How to store yourself and data -- from .csv to .parquet, from tent to fancy loft


Details
It is time for us to meet again in a new location with two new talks: Jonathan will share insights about Hamburg's housing market and Marco will give us an overview about how to store our data.
-
Level: beginner
-
Foods and drinks: yes
Agenda:
Part 1: Create your own HamburgHousing dataset
by Jonathan Niesel (Data Scientist @ Blue Yonder)
Its all over the media but there is not (too much) open data available: the housing market in Hamburg. Therefore you need to create your own dataset - of course with Python.
The talk will be about his DataScience@Home project: Create your own HamburgHousing dataset with Python. He will show how he created a dataset of currently up to 100.000 individual flats and houses in Hamburg with continuous web scraping over the past 10 months.
This talk will include basic introductions on how to set up an AWS machine, continuous web scraping and last but not least, an analysis of the scraped results.
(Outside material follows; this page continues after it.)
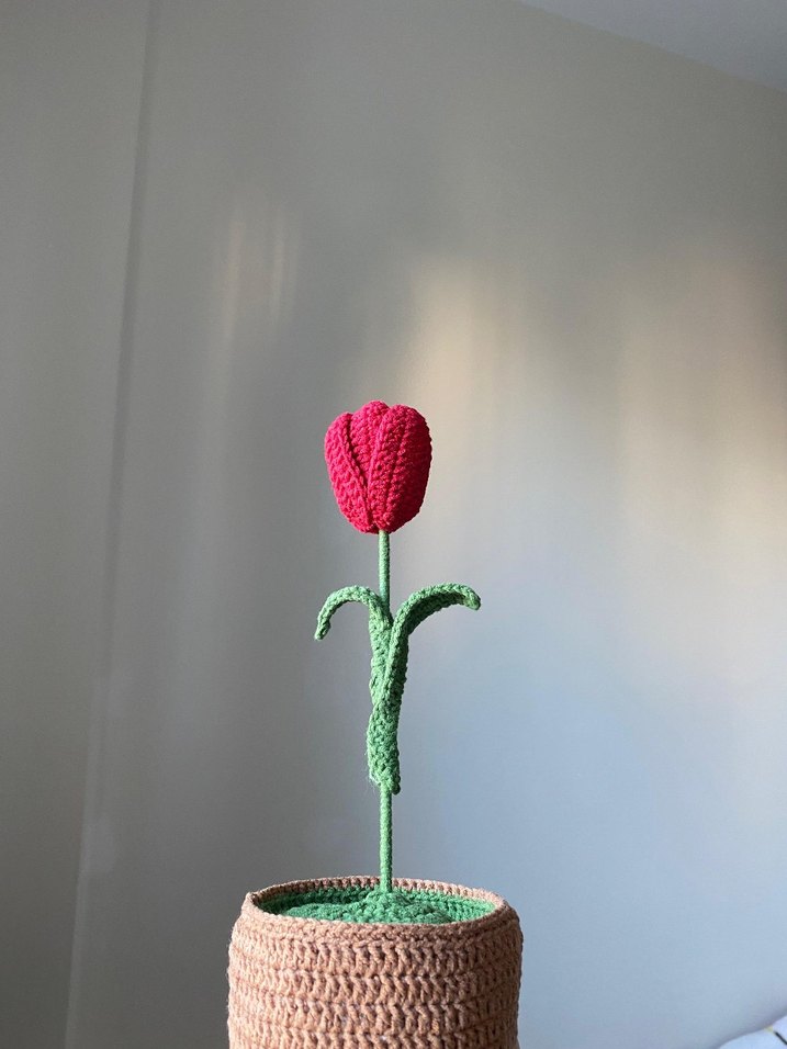 Bej saksıda yeşil yapraklı el örgüsü kırmızı lale süs çiçeği. Basit ve şık dekoratif bir parça.

Part 2: Hold My Data -- An introduction into data storages and transfer for Pandas users
by Marco Neumann (Data Architect Int @ Blue Yonder)
Did you ever feel overwhelmed by the sheer inifinite amount of data storage possibilities? If yes, then this talk is perfect for you: sit back, relax, and let Marco guide you through some of the available options.
- good old CSV files
- Excel (¯_(ツ)_/¯)
- "just use a DB"
- shiny Apache Arrow
- compressed Parquet
- going Big On Blobs
In the end, you will know which type of data storage will suit your next Python project.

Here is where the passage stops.